In practice, we rarely work on the full dataset for everything:

  • Exploratory plots and dashboards need small, interpretable samples.
  • Scenario analysis and simulations need few representative points with weights.
  • Prototyping models and ideas is faster on coresets than on full data.

Common approaches:

  • Random sampling: simple, but can miss important modes or tails.
  • Stratified sampling: good when you already know the right strata (segments, classes, products), but needs domain knowledge and alignment with stakeholders.
  • Cluster centroids (e.g. k-means): minimise reconstruction error, but centroids are not real data points and are not explicitly distributional.

DDC sits in between:

  • Unsupervised, geometry-aware.
  • Selects real points (medoids) that cover dense regions and diverse modes.
  • Learns weights via soft assignments, approximating the empirical distribution.

Visual Example: DDC vs Random

The following example demonstrates DDC on a 2D multimodal dataset (3 Gaussian blobs + a ring structure, n=8000). We compare DDC against random sampling with the same parameters (k=80, n0=None).

Spatial Coverage

DDC vs Random Scatter

Left (DDC): Representatives are strategically placed to cover:

  • All three Gaussian modes (dense regions)
  • The ring structure (diverse, low-density region)
  • Points are weighted by their representativeness

Right (Random): Representatives are uniformly distributed, missing the ring structure and unevenly covering the modes.
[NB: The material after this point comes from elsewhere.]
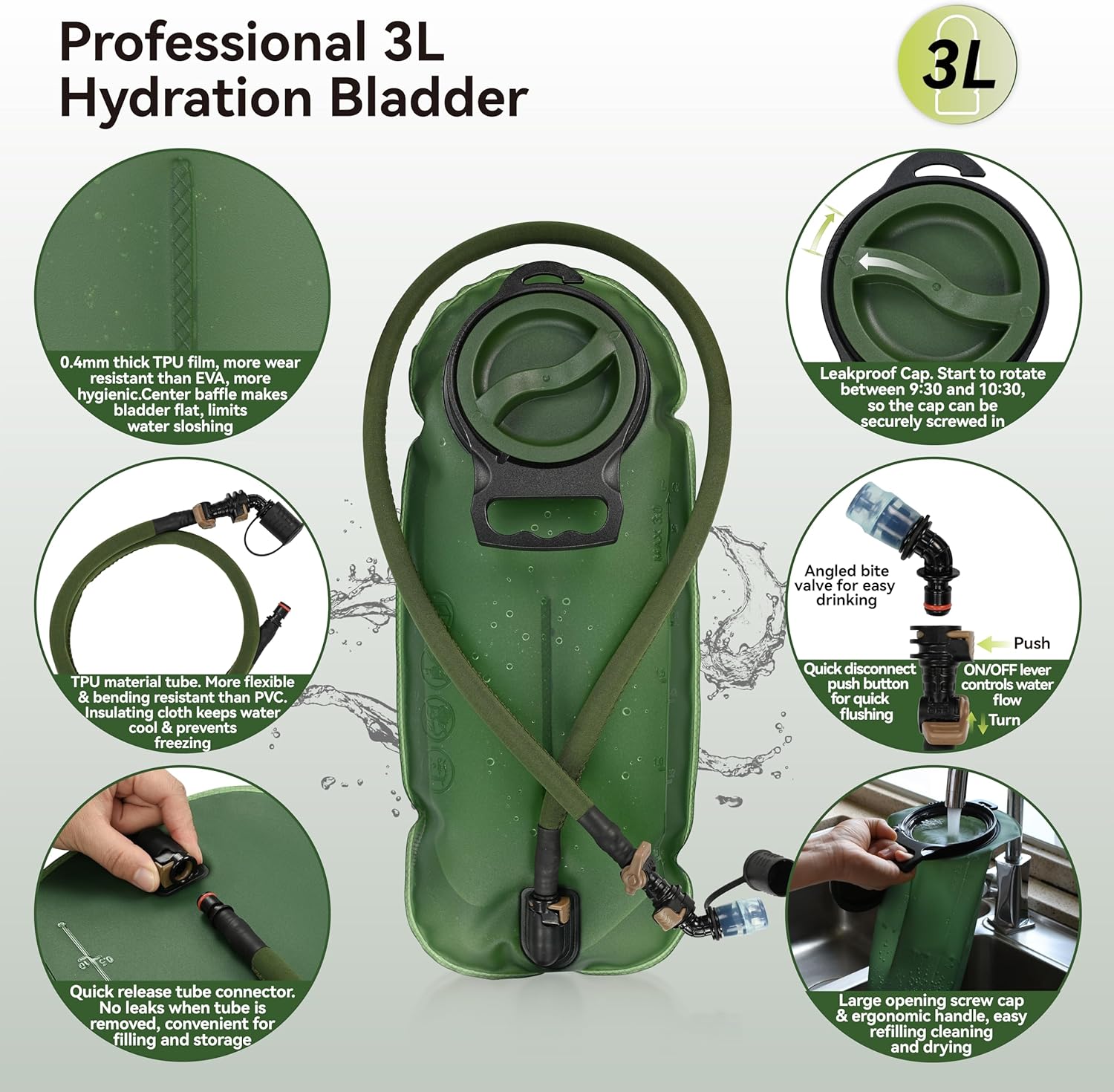 Tactical Molle Hydration Pack Backpack with 3L Water Bladder
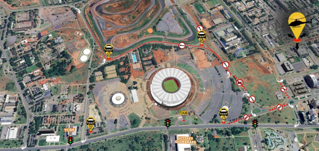 Na via N2, o acesso ao Eixo Monumental, na altura do estacionamento rotativo, será fechado. Na entrada principal da Arena BRB Mané Garrincha, haverá espaço reservado para táxis.

Distributional Approximation

DDC Marginals: DDC Marginals

Random Marginals: Random Marginals

DDC better preserves the marginal distributions of the original data, especially in the tails and multimodal regions. The weighted coreset (red/blue lines) closely matches the full data distribution (gray histograms).

Quantitative Comparison

The following table compares DDC and Random coresets using standard distributional metrics:

Method Mean Error (L2) Cov Error (Fro) Corr Error (Fro) W1 Mean W1 Max KS Mean KS Max
DDC 0.253 1.780 0.049 0.271 0.277 0.070 0.076
Random 0.797 2.486 0.080 0.515 0.806 0.098 0.138

Metrics explained:

  • Mean Error (L2): L2 norm of the difference between full data mean and coreset weighted mean
  • Cov Error (Fro): Frobenius norm of the difference between full data covariance and coreset weighted covariance
  • Corr Error (Fro): Frobenius norm of the difference between correlation matrices
  • W1 Mean/Max: Mean and maximum Wasserstein-1 distance across dimensions (lower is better)
  • KS Mean/Max: Mean and maximum Kolmogorov-Smirnov statistic across dimensions (lower is better)

Key takeaway: DDC provides better spatial coverage and distributional fidelity than random sampling, especially when the data has multiple modes or complex geometries. Across all metrics, DDC achieves 2-3x lower error compared to random sampling.


Example: 5D Gaussian Mixture

We also compare DDC, Random, and Stratified coresets on a 5D Gaussian mixture (4 components, n=50,000). The results are visualized using UMAP 2D projection and marginal distributions.

Spatial Coverage (UMAP 2D Projection)

DDC vs Random vs Stratified UMAP

Left (DDC): Representatives are distributed across all modes, capturing the mixture structure.
Middle (Random): Representatives are uniformly scattered, missing some modes.
Right (Stratified): Representatives respect component proportions, but may miss geometric structure.

Distributional Approximation

Marginals Comparison 5D

All three methods approximate the marginal distributions, with DDC and Stratified showing better fidelity to the full data distribution.

Quantitative Comparison

Method Mean Error (L2) Cov Error (Fro) Corr Error (Fro) W1 Mean W1 Max KS Mean KS Max
DDC 0.174 4.197 0.530 0.251 0.418 0.073 0.090
Random 0.694 4.104 0.462 0.349 0.644 0.112 0.137
Stratified 0.315 2.708 0.246 0.213 0.361 0.063 0.080

Observations:

  • DDC excels in mean approximation and Wasserstein distances (best W1 metrics).
  • Stratified performs best on covariance and correlation (benefits from known component structure).
  • Random shows highest errors across most metrics, confirming the value of structured sampling.

Takeaway: When component labels are available, Stratified can outperform DDC on moment-based metrics. However, DDC provides the best unsupervised performance and excels at distributional metrics (Wasserstein, KS).


Example: Two Moons (Non-Convex Structure)

The Two Moons dataset demonstrates DDC's ability to handle non-convex structures. It consists of two interleaving half-circles (n=5000), creating a challenging geometry where random sampling and k-medoids often fail to connect both arcs.

Spatial Coverage

Two Moons DDC vs Random vs K-medoids

Left (DDC): Representatives are distributed along both arcs, maintaining connectivity and covering the non-convex structure.
Middle (Random): Representatives are scattered uniformly, potentially missing connections between the two moons and creating gaps.
Right (K-medoids): Representatives cluster around local centers, but may miss the connectivity between arcs due to the clustering objective.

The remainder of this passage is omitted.